Recalling the vitriolic campaign he initiated against TrueCar last year, Ziegler says he sent mass e-mails to dealers, who, in turn, contacted their state associations. The trade groups then reached out to legislators and each state’s governing bodies, raising questions about the legality of the service. It was that strategy that provoked California, Colorado, Indiana, Louisiana, Nebraska, Oklahoma, Virginia and Wisconsin to take action.

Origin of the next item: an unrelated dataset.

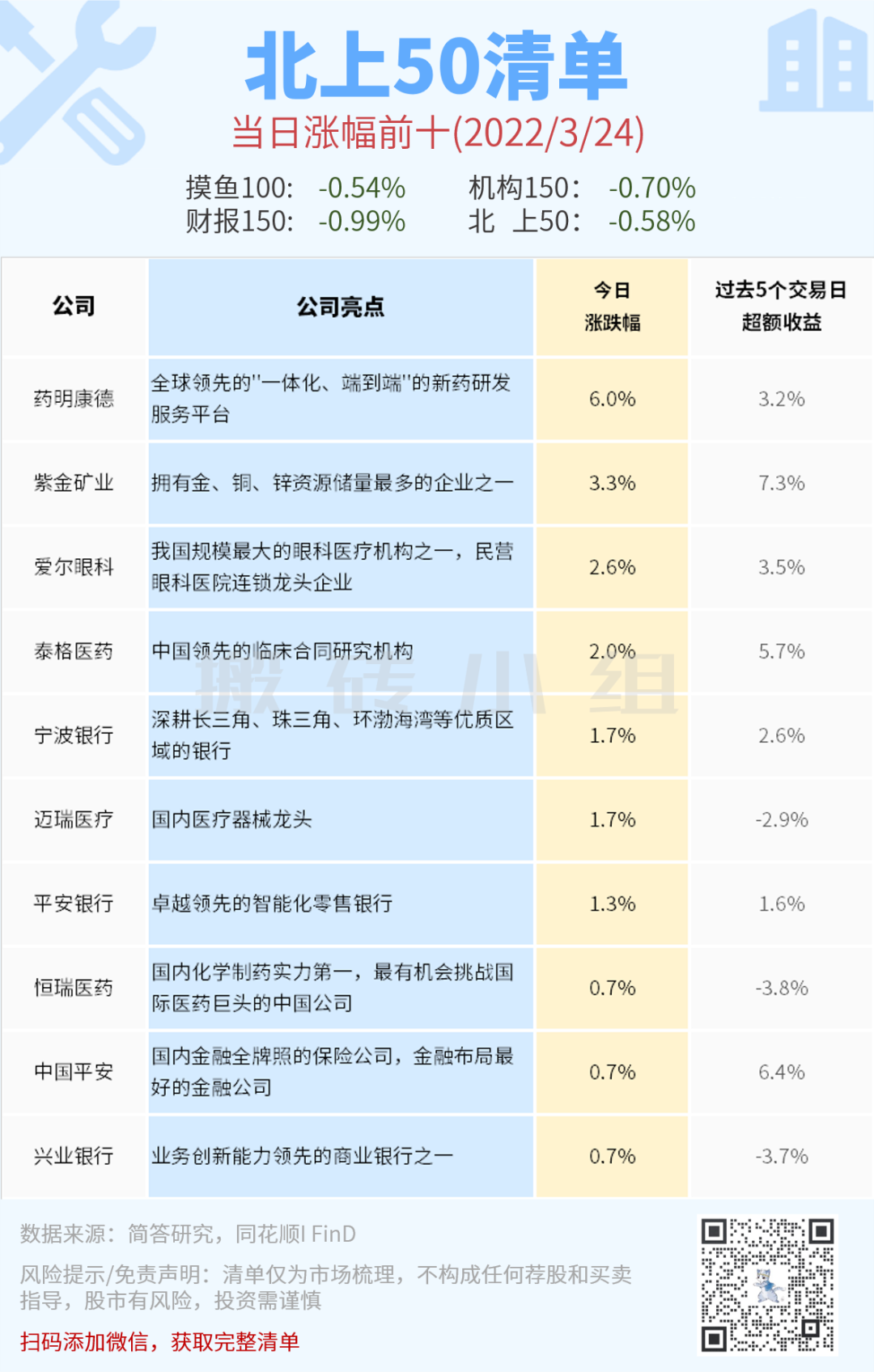 北上50榜单跟昨天差不多,连续两天医药跑赢市场。但是当前市场的持续性并不是特别好,连续涨两天以后要注意回调压力了。

Ziegler’s battle against TrueCar might be over, but his crusade against companies that make dealers out to be bad guys in order to sell their services is far from over. His next target, he says, is Carfax. But he makes clear that the goal isn’t to put companies out of business. He just wants them to change their ways.

Painter doesn’t deny how close his company came to collapse when dealers, including dealer groups like Group 1 Automotive, began dropping the service in large numbers. “At our peak, we had an $8 million loss in one month, so it was a pretty awful mess,” he says.

But as TrueCar repaired its image and compliance mishaps, it did the same with its bank account. Absent its fourth quarter earnings for 2012, Painter says, “We are roaring back,” even though the company has yet to reach positive cash flow.

“I think the business has stabilized for sure. If you were a dealer on the program, I think you genuinely questioned: ‘Is this company even going to be around in a couple of months?’ I think we’ve answered that question.”